BMW announced it is establishing its Landshut plant as a central hub for humanoid robotics software development, advancing artificial intelligence (AI) models, simulation, and robot training for future manufacturing applications.
The plant will develop open modular software architecture combining deterministic programming with AI models, while existing pilot projects in Leipzig and Spartanburg test live applications. The focus is on tasks requiring flexibility and fine motor skills.

The technology stack
In context, Landshut is development focuses on tasks that are just too tough or pricey for traditional automation (changing sequences, varying component positions, or fine motor requirements).
The main architecture mixes deterministic coding with smart vision-language-action models that use what the robot sees and hears to help it figure out exactly how it should move.

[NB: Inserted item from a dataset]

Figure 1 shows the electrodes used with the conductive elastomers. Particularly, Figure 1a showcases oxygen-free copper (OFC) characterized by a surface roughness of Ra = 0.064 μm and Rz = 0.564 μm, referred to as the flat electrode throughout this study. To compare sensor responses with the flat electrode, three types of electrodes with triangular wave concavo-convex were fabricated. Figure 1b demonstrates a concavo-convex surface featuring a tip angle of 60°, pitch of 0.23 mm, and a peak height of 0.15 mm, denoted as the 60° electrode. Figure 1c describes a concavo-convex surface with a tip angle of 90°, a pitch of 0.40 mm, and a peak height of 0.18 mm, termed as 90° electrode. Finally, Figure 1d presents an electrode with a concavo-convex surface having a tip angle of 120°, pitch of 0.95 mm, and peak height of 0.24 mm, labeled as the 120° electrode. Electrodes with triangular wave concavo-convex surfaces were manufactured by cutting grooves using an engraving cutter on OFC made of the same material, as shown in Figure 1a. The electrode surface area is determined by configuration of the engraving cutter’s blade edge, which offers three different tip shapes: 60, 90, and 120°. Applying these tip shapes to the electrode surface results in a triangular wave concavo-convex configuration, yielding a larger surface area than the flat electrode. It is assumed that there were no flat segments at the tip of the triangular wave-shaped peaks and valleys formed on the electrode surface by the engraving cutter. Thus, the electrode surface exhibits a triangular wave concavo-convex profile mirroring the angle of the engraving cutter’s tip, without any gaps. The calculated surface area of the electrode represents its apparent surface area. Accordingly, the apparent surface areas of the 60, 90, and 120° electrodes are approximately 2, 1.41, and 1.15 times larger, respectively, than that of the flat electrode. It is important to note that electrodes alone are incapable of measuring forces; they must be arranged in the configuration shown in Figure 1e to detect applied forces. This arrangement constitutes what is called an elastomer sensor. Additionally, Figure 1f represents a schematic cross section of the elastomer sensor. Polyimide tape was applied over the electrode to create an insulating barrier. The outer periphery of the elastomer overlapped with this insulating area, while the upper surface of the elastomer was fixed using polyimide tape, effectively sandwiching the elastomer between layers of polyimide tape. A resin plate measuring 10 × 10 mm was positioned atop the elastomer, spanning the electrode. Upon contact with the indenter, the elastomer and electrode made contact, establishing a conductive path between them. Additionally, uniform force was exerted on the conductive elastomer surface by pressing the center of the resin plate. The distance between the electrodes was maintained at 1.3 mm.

These robots scan their surroundings with sensors and cameras, assess the situation, and derive suitable movements. Before deployment, they practice in digital worlds using data from suits and gloves.
The big idea is to build versatile and generalizable behavior models that can be shared across all kinds of different robot systems.

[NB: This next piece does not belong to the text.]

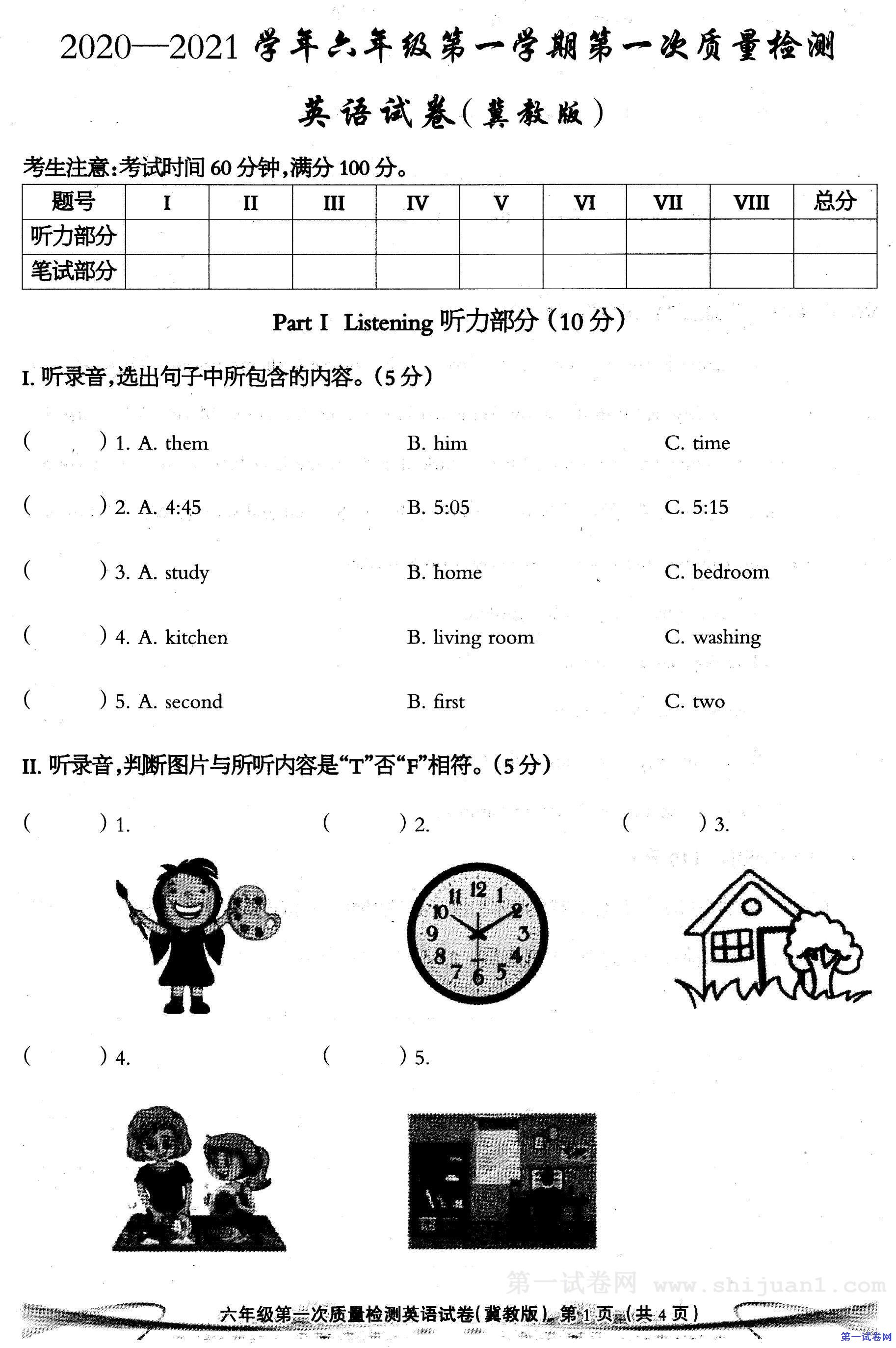 2020-2021学年六年级英语第一学期第一次整理检测试卷扫描版下载。预览:

Partners and future scaling
BMW is partnering with Athenyx Robotics (a startup from RWTH Aachen University) and Landshut University of Applied Sciences to develop an “intelligence stack” covering perception, learning, simulation, and decision-making.
BMW wants to investigate technical feasibility and assess in which processes humanoid robots can offer economic benefits. The company has already established pilot projects at its Leipzig and Spartanburg plants.
The Landshut site will serve as the software development center, while Leipzig and Spartanburg provide real-world testing. What remains decisive for later scaling is how reliably the systems operate under changing production conditions.
How robots learn: Demonstration-based training
BMW is keeping things practical with how they train their humanoid robots: demonstration-based learning. They have operators suit up in motion-capture gear and data gloves to do the work, while their every move is recorded and turned into general behavior models that can be shared across all kinds of robot systems.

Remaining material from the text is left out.